Black Birders Week, the national push to encourage Black people to stake their space in nature, science, and public green spaces, will take place again this year from May 24 through May 30.
Black Birders Week 2026 is organized nationally by Black AF In STEM. In New York City, the NYC Bird Alliance is one of the major local organizations hosting free events in Brooklyn, Manhattan, Queens, and the Bronx. Black AF In STEM identifies Black Birders Week as one of its signature initiatives; the week is fiscally sponsored by the equity-in-education nonprofit Amplify the Future.
The annual event was launched in late spring 2020 in response to the notorious attempt by a white woman named Amy Cooper to sic the NYPD on Black birder Christian Cooper after he asked her to leash her dog in Central Park. Black AF In STEM and its partner organizations say the week was created because Black birders, scientists, and naturalists have also been periodically threatened while simply trying to enjoy nature and realized that something positive had to be done to counter this.
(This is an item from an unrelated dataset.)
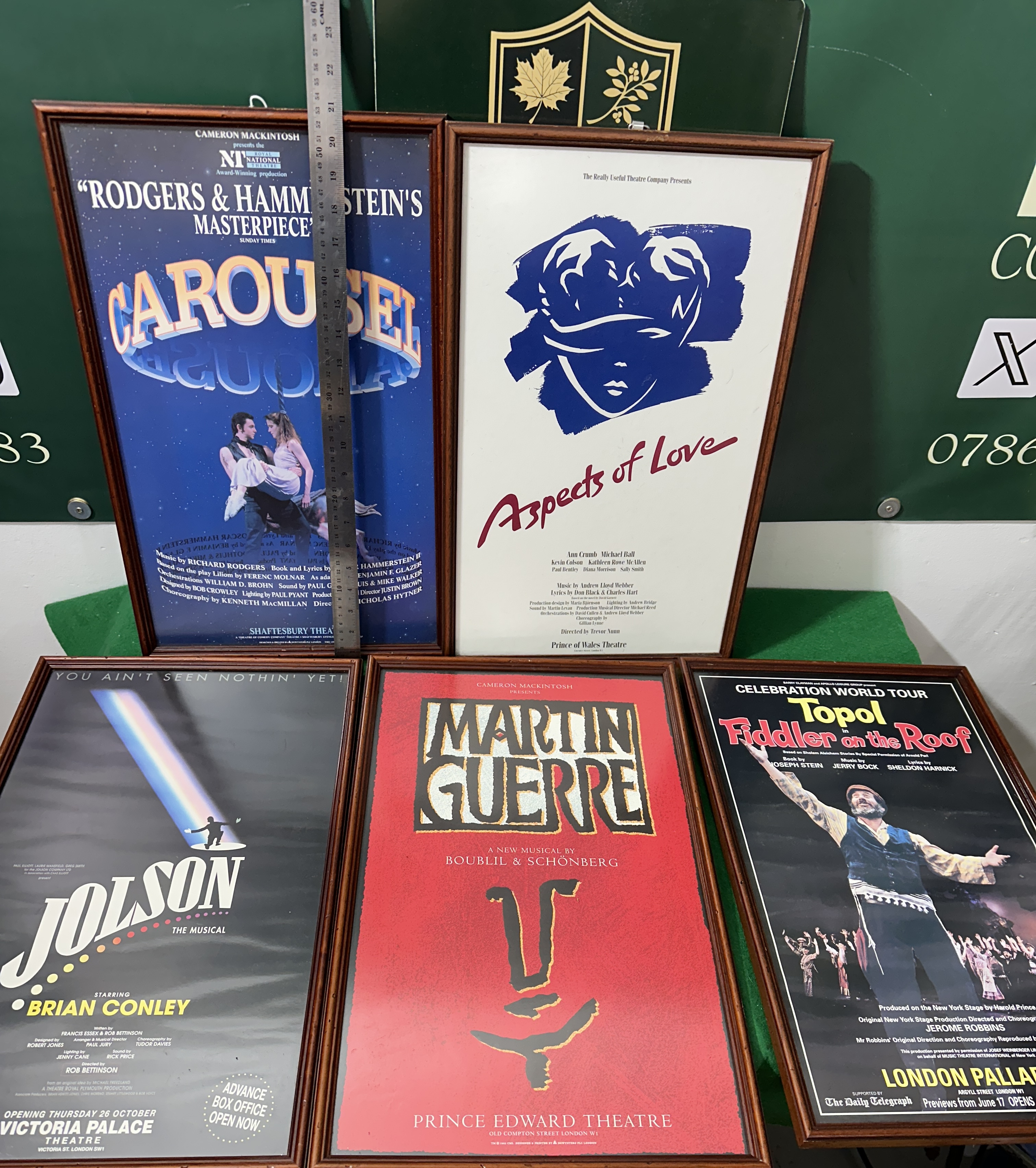 This lot offers a collection of five framed promotional posters for major West End musical productions, primarily associated with Cameron Mackintosh and The Really Useful Theatre Company. The selection includes highly recognizable titles such as Carousel, Aspects of Love, and Martin Guerre. Each poster is mounted within a matching dark wood-effect frame, presenting the items ready for display. The posters feature key production details including theatre locations and principal cast members or creators.

Everyone should feel welcome in green spaces, and that is a major reason NYC Bird Alliance supports Black Birders Week, says Tasha Naula, the group’s public programs manager. “We host over 300 programs in all five boroughs throughout the year, and we do so in smaller community parks. But I think part of our public programs’ mission,” said Naula, “which is one of our core values, is to make sure they’re as accessible as possible for all New Yorkers.”
She said the organization works to remove the practical and psychological barriers that keep many New Yorkers from trying birding in the first place by offering free programming, encouraging registration rather than requiring it for most outings, and having guides who keep binoculars on hand for anyone who wants to participate in bird-watching events.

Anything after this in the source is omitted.